Todos alguna vez mentimos. A todos alguna vez nos mintieron. Pero para mi, y creo que no soy la única, que nos mientan se siente amargo. No importa cuan chiquita o grande sea esa mentira, ni con que la comparemos, nunca va a ser insignificante. En todas, y de alguna manera, nos engañaron. Porque mentir es eso, es engañar, traicionar la confianza del otro, sobrepasar los límites.
Pero, SIEMPRE, tarde o temprano uno se desengaña, abre los ojos.
Y creanme que eso duele. Estar engañado y luego conocer la verdad es como estar en la oscuridad y de repente salir a la luz, una luz que te encandila, y no necesariamente porque esa verdad sea cruda, si no por el hecho de saber que nos hicieron creer algo que nunca existió.

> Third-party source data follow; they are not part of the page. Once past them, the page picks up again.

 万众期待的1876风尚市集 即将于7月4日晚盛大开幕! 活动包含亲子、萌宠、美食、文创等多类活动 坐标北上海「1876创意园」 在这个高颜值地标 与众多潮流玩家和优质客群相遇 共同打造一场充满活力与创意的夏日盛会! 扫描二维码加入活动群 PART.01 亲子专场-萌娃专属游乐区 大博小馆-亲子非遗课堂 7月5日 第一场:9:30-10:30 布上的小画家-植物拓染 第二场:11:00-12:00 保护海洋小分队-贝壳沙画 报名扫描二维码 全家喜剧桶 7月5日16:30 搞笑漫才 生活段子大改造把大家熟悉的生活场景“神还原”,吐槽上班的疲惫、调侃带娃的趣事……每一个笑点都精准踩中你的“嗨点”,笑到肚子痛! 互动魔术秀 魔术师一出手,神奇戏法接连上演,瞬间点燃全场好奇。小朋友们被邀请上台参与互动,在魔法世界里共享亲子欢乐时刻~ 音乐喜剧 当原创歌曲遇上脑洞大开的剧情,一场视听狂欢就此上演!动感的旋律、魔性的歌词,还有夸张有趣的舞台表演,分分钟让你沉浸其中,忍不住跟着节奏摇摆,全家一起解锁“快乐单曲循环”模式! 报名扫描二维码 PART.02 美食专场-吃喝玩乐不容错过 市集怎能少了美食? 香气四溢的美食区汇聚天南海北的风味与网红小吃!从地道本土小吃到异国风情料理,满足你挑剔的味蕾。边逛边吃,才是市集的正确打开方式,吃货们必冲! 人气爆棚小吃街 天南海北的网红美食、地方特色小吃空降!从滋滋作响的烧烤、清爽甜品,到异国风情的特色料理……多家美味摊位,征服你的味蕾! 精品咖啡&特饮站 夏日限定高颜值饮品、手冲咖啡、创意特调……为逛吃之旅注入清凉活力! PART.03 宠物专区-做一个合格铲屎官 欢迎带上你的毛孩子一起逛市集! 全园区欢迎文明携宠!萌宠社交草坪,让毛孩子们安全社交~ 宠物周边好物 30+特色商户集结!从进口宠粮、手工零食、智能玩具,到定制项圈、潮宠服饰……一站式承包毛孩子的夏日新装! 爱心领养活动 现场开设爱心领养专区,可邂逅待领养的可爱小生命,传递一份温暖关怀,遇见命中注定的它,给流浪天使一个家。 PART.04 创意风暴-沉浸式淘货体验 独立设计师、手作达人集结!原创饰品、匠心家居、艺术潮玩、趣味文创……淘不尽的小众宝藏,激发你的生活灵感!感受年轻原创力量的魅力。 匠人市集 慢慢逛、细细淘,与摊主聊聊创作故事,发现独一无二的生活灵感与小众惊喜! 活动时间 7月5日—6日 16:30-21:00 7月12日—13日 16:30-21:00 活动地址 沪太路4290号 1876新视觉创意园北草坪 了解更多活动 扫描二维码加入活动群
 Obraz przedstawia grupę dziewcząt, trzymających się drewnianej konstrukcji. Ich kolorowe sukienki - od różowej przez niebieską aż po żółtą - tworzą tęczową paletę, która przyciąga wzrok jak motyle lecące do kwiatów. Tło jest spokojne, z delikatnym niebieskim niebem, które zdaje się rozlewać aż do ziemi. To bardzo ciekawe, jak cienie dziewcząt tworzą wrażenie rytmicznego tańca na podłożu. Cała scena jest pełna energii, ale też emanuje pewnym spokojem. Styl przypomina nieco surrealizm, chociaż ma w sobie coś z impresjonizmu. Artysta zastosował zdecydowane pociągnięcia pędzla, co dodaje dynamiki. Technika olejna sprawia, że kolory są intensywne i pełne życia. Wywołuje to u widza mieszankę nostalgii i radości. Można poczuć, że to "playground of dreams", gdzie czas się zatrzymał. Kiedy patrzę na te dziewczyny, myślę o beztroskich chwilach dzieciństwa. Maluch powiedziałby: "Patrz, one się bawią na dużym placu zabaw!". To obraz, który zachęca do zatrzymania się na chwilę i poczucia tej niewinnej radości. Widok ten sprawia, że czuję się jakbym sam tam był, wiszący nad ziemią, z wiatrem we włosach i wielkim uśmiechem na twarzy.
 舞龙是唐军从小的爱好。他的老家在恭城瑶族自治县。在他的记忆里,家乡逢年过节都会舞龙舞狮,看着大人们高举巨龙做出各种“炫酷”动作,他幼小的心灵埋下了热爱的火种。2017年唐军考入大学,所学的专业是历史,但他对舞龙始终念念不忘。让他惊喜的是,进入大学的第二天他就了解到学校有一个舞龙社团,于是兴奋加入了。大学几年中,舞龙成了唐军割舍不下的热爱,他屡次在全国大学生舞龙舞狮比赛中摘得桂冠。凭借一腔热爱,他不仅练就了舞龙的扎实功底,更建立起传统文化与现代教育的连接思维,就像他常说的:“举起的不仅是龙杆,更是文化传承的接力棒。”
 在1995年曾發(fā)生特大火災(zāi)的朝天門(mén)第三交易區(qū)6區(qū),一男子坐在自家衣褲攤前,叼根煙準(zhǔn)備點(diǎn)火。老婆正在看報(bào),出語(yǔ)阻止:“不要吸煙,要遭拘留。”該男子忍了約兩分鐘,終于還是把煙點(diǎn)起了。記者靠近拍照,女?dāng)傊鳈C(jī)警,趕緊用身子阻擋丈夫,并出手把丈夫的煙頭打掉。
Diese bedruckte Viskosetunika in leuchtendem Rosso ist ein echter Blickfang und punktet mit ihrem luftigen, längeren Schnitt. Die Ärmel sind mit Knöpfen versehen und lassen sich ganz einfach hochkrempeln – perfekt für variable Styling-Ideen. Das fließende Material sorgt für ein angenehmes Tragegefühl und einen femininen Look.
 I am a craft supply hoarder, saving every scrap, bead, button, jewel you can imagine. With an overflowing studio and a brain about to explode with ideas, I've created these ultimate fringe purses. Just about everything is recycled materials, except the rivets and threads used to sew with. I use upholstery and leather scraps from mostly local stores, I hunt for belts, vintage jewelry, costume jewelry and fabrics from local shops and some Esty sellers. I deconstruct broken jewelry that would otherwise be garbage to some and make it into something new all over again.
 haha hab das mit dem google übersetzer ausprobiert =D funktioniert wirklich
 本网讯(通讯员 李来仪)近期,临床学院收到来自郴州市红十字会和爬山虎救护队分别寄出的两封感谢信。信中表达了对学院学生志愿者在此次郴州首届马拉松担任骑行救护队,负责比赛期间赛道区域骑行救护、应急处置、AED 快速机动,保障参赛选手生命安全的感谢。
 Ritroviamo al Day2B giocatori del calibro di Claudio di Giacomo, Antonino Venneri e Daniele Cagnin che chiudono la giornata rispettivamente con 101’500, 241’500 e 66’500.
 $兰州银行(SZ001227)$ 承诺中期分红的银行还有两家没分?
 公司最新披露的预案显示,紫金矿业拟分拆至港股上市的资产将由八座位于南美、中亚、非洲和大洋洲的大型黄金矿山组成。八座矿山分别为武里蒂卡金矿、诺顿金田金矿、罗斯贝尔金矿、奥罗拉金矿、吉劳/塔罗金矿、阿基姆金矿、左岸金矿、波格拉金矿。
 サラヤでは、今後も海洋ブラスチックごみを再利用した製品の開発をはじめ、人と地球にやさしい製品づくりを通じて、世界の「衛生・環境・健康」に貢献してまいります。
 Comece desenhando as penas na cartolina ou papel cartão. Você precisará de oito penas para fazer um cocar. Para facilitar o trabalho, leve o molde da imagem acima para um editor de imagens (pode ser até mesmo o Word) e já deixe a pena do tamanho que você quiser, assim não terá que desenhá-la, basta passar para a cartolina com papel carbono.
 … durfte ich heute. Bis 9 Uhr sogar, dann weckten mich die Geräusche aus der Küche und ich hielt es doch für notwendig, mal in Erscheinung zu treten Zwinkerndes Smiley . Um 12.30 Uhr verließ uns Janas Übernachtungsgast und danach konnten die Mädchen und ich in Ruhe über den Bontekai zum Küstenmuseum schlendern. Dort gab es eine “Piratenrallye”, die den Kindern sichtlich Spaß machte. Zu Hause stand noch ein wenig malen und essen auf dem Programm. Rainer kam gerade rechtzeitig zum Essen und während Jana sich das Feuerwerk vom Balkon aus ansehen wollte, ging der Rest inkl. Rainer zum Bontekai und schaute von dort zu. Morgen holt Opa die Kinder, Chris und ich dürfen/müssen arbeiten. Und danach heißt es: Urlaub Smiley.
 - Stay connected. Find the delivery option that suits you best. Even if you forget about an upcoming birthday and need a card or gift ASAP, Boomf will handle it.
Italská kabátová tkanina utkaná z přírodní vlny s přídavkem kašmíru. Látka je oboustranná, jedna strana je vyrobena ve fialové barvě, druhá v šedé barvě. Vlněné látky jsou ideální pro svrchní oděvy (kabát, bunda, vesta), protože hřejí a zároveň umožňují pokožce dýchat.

Ahora bien, hay algo que se llama confianza. Si uno la tiene, entonces tiene seguridad. Pero las mentiras la desgastan, la destruyen. Y cuando se pierde, uno se siente sin armas, desprotegido, porque sabe, tiene la certeza, que lo van a engañar.
Cuando nos mienten y nos vuelven a mentir las veces necesarias,
hasta el mismo aire se nos torna falso. Y ahí es cuando se pone en peligro la confianza, ahí es cuando no la sentimos.
Y ahí nos perdemos.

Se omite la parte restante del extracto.